We want **as much of the M\* runtime as possible running in Rust** — for raw
performance and, just as importantly, to get the scheduling and communication
hot paths off the Python GIL. As a hard constraint, **model code stays Python.**
Model authors will still write their submodules, model code, and `forward` passes in Python with torch. So every Rust boundary we introduce has to preserve the existing Python model-authoring API (with reasonable changes as needed).

This issue is to **scope that migration**: take the rough phasing below, validate
it against the code, and turn it into a concrete RFC with recommended ordering, the
wire-format decision, the in-process-vs-separate-process call per component, and
an assessment of what realistically *can't* move.

### Rough phasing to react to (maintainer's initial thinking)

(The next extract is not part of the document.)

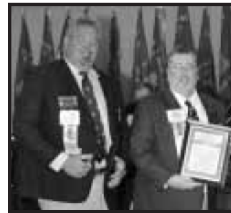
Marshall Hope Award Department Newsletter - Dept of CA/Pacific; Camp Newsletter – The Union Volunteer – Col Edward D Baker Camp 6, Camp at Large, Oregon

This is a starting point, not a spec — the point of the issue is to pressure-test
and refine it.

1. **Graph layer first.** The graph logic, ready-queues, and edge/ingest
   bookkeeping ([mstar/graph/](https://github.com/mstar-project/mstar/blob/main/mstar/graph/) — `GraphNode`, `Sequential`,
   `Parallel`, `Loop`, `GraphEdge`) is self-contained dataflow with no GPU or
   Python-model dependency. It's a strong first Rust candidate and can be
   "plugged into" the existing worker behind the current Python API. Validate
   against the existing graph tests
   ([test/modular/test_graph.py](https://github.com/mstar-project/mstar/blob/main/test/modular/test_graph.py)).
2. **ZMQ communication stack** ([mstar/communication/communicator.py](https://github.com/mstar-project/mstar/blob/main/mstar/communication/communicator.py),
   the `BaseCommunicator` interface). Natural Rust boundary; Rust has solid ZMQ
   bindings. The **tensor** communication stack
   ([mstar/communication/tensors.py](https://github.com/mstar-project/mstar/blob/main/mstar/communication/tensors.py)) could
   follow *if it makes sense*, but it's harder (see notes below).
3. **Conductor loop as a Rust process.** The conductor's main loop
   (`Conductor.run()` in [conductor.py](https://github.com/mstar-project/mstar/blob/main/mstar/conductor/conductor.py)) is much
   smaller and simpler than the worker's because it's essentially a poll-messages →
   dispatch → sleep loop. Low risk, modest reward: a good vehicle for learning
   how to stand up a Rust component in the live system before tackling anything
   hot.
4. **API server.** Also relatively self-contained
   ([mstar/api_server/](https://github.com/mstar-project/mstar/blob/main/mstar/api_server/)). It's a Python process with two
   threads, so it's potentially latency-critical, especially under load, i.e., when
   there's a lot of data flowing in/out, or when requests are individually very
   fast, per-request Python overhead can dominate. A Rust HTTP front-end could be
   a real win there.
5. **Worker loop — scope only, don't commit.** `Worker.run()`
   ([worker.py](https://github.com/mstar-project/mstar/blob/main/mstar/worker/worker.py)) is the hard one: async scheduling, the
   dedicated GPU thread, speculative scheduling, FlashInfer attention planning,
   CUDA-graph capture/replay. It's unclear how much of this can run in Rust at
   all (it's tangled with torch/flashinfer/CUDA), but individual components
   almost certainly can. This needs very careful carve-out and is its own
   sub-investigation.

### Observations from the current code (fold these into the RFC)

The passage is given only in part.